Application & Images
Applications
A01780-2 is guaranteed for ELISA, Flow Cytometry, IF, ICC, WB Boster Guarantee
Assay Dilutions Recommendation
The recommendations below provide a starting point for assay optimization. The actual working concentration varies and should be decided by the user.
Western blot, 0.25-0.5 μg/ml, Human, Mouse, Rat
Immunocytochemistry/Immunofluorescence, 5 μg/ml, Human
Flow Cytometry (Fixed), 1-3 μg/1x106 cells, Human
ELISA, 0.1-0.5 μg/ml, -
Positive Control
WB: human Hela whole cell, human 293T whole cell, human A375 whole cell, human PC-3 whole cell, rat PC-12 whole cell, rat NRK whole cell, mouse C2C12 whole cell, mouse 3T3-L1 whole cell
ICC/IF: Hela cell
FCM: Hela cell
Validation Images & Assay Conditions
Click image to see more details
Western blot analysis of FOXC2 using anti-FOXC2 antibody (A01780-2).
Electrophoresis was performed on a 10% SDS-PAGE gel at 80V (Stacking gel) / 120V (Resolving gel) for 2 hours. The sample well of each lane was loaded with 30 ug of sample under reducing conditions.

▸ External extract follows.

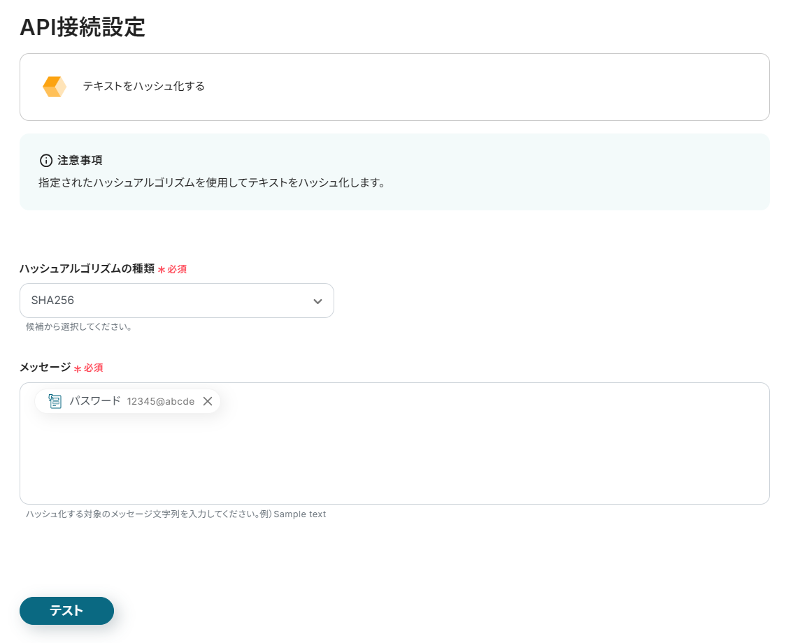 ハッシュアルゴリズムの種類とメッセージの設定が済んだら、テストをクリックしましょう。

Lane 1: human Hela whole cell lysates,
Lane 2: human 293T whole cell lysates,
Lane 3: human A375 whole cell lysates,
Lane 4: human PC-3 whole cell lysates,
Lane 5: rat PC-12 whole cell lysates,
Lane 6: rat NRK whole cell lysates,
Lane 7: mouse C2C12 whole cell lysates,
Lane 8: mouse 3T3-L1 whole cell lysates.
After electrophoresis, proteins were transferred to a nitrocellulose membrane at 150 mA for 50-90 minutes. Blocked the membrane with 5% non-fat milk/TBS for 1.5 hour at RT. The membrane was incubated with rabbit anti-FOXC2 antigen affinity purified polyclonal antibody (A01780-2) at 0.5 μg/mL overnight at 4°C, then washed with TBS-0.1%Tween 3 times with 5 minutes each and probed with a goat anti-rabbit IgG-HRP secondary antibody (Catalog # BA1054) at a dilution of 1:5000 for 1.5 hour at RT. The signal is developed using an ECL Plus Western Blotting Substrate (Catalog # AR1196-200) with Tanon 5200 system. A specific band was detected for FOXC2 at approximately 60 kDa. The expected band size for FOXC2 is at 54 kDa.

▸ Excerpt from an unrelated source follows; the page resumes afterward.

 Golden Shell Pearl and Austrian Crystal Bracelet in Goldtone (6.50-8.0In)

Click image to see more details
IF analysis of FOXC2 using anti-FOXC2 antibody (A01780-2) and anti-Tubulin Alpha antibody (M03989-3).
FOXC2 was detected in immunocytochemical section of Hela cell. Enzyme antigen retrieval was performed using IHC enzyme antigen retrieval reagent (AR0022) for 15 mins. The cells were blocked with 10% goat serum. And then incubated with 5 μg/mL rabbit anti-FOXC2 Antibody (A01780-2) and mouse anti-Tubulin Alpha antibody (M03989-3) overnight at 4°C. Cy3 Conjugated Goat Anti-Rabbit IgG (BA1032) and FITC Conjugated Goat Anti-Mouse IgG (BA1101) were used as secondary antibody at 1:500 dilution and incubated for 30 minutes at 37°C. Visualize using a fluorescence microscope and filter sets appropriate for the label used.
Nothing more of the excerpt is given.